HTTP request sent, awaiting response... 200 OK
Length: 3237388795 (3.0G) [application/x-bzip2]
Saving to: ‘wikipedia_dpr_nq_sample_2021-07-16.tar.bz2’


2021-07-26 18:44:22 (3.08 MB/s) - ‘wikipedia_dpr_nq_sample_2021-07-16.tar.bz2’ saved [3237388795/3237388795]



In [3]:
!tar jxvf wikipedia_dpr_nq_sample_2021-07-16.tar.bz2

wikipedia_dpr_nq_sample/derived_data/ir_models/vanilla_bert/model.best
wikipedia_dpr_nq_sample/derived_data/embeddings/
wikipedia_dpr_nq_sample/derived_data/embeddings/glove/
wikipedia_dpr_nq_sample/derived_data/embeddings/glove/glove.6B.50d.txt.bz2
wikipedia_dpr_nq_sample/input_data/
wikipedia_dpr_nq_sample/input_data/train_fusion/
wikipedia_dpr_nq_sample/input_data/train_fusion/QuestionFields.jsonl
wikipedia_dpr_nq_sample/input_data/train_fusion/qrels.txt
wikipedia_dpr_nq_sample/input_data/train_fusion/QuestionFields.bin
wikipedia_dpr_nq_sample/input_data/dev/
wikipedia_dpr_nq_sample/input_data/dev/QuestionFields.jsonl
wikipedia_dpr_nq_sample/input_data/dev/qrels.txt
wikipedia_dpr_nq_sample/input_data/dev/QuestionFields.bin
wikipedia_dpr_nq_sample/input_data/bitext/
wikipedia_dpr_nq_sample/input_data/bitext/QuestionFields.jsonl
wikipedia_dpr_nq_sample/input_data/bitext/qrels.txt
wikipedia_dpr_nq_sample/input_data/pass_sample/
wikipedia_dpr_nq_sample/input_data/pass_sample/AnswerField

In [4]:
!mkdir collections

In [4]:
!mv wikipedia_dpr_nq_sample collections

#### Carry out a basic sanity check:

In [5]:
!scripts/report/get_basic_collect_stat.sh wikipedia_dpr_nq_sample

Using collection root: collections
Checking input sub-directory: bitext
Checking input sub-directory: dev
Checking input sub-directory: dev_official
Checking input sub-directory: pass_sample
Found indexable data file: pass_sample/AnswerFields.jsonl.gz
Checking input sub-directory: train_fusion
Found query file: bitext/QuestionFields.jsonl
Found query file: dev/QuestionFields.jsonl
Found query file: dev_official/QuestionFields.jsonl
Found query file: train_fusion/QuestionFields.jsonl
getIndexQueryDataDirs return value:  pass_sample AnswerFields.jsonl.gz bitext,dev,dev_official,train_fusion
Using data file: AnswerFields.jsonl.gz
Index dirs: pass_sample
Query dirs: bitext dev dev_official train_fusion
Queries/questions:
bitext 53880
dev 2500
dev_official 6515
train_fusion 2500
Documents/passages/answers:
pass_sample 774392


## Preprocessing in more details : This is for information purposes only because the downloaded data is already pre-processed

The download and conversion script can be found in the directory `scripts/data_convert/wikipedia_dpr`.

In [None]:
!mkdir -p collections/wikipedia_dpr_nq_sample/input_raw

### Converting passages and queries

In [None]:
!scripts/data_convert/wikipedia_dpr/download_dpr_passages.sh collections/wikipedia_dpr_nq_sample/input_raw

In [None]:
!scripts/data_convert/wikipedia_dpr/download_dpr_queries.sh nq collections/wikipedia_dpr_nq_sample/input_raw

### Randomly split the training set into the new training and development sets.
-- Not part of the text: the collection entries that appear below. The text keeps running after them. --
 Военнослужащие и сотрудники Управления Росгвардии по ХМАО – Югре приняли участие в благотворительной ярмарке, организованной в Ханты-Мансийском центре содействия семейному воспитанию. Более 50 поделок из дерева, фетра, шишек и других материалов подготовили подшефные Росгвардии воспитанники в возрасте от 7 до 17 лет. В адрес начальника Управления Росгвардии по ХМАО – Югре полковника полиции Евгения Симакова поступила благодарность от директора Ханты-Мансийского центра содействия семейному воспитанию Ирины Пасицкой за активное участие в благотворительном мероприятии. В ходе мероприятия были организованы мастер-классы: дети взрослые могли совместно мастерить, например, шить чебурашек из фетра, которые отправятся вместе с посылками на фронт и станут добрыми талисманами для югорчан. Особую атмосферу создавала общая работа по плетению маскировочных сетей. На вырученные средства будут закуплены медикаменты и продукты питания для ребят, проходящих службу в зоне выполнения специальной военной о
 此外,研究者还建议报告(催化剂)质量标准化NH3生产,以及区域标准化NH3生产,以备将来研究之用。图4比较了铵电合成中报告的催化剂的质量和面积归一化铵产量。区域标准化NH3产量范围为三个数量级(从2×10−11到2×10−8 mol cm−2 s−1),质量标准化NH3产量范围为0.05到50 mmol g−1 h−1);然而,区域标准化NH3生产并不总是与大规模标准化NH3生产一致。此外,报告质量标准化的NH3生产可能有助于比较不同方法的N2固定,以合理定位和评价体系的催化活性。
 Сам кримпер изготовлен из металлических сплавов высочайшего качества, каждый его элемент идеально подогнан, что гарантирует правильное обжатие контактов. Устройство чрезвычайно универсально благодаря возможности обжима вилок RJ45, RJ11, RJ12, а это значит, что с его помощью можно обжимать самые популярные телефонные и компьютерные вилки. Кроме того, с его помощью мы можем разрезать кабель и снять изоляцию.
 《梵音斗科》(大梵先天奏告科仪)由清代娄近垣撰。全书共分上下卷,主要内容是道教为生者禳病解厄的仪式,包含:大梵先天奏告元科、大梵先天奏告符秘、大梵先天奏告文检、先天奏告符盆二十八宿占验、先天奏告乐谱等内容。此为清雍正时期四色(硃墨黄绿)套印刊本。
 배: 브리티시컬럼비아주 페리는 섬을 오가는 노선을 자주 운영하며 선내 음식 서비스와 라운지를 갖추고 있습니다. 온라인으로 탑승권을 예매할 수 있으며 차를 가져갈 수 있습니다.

This script also converts the data into FlexNeuART format

In [None]:
!scripts/data_convert/wikipedia_dpr/split_and_convert_dpr_queries.sh \
    wikipedia_dpr_nq_sample \
    collections/wikipedia_dpr_nq_sample/input_raw/ \
    nq \
    -partition_sizes ,5000,2500 

### The split & convert script produces outputs of two types:
1. The set of questions in JSONL format. These questions are divided into several subsets:

In [None]:
!ls collections/wikipedia_dpr_nq_sample/input_data

The `bitext` subset and the `train_fusion` subsets are supposed to be used to train models. The difference is that `train_fusion` is a smaller subset that can be used to create fusion models. The `bitext` part can be used to train, e.g., neural models.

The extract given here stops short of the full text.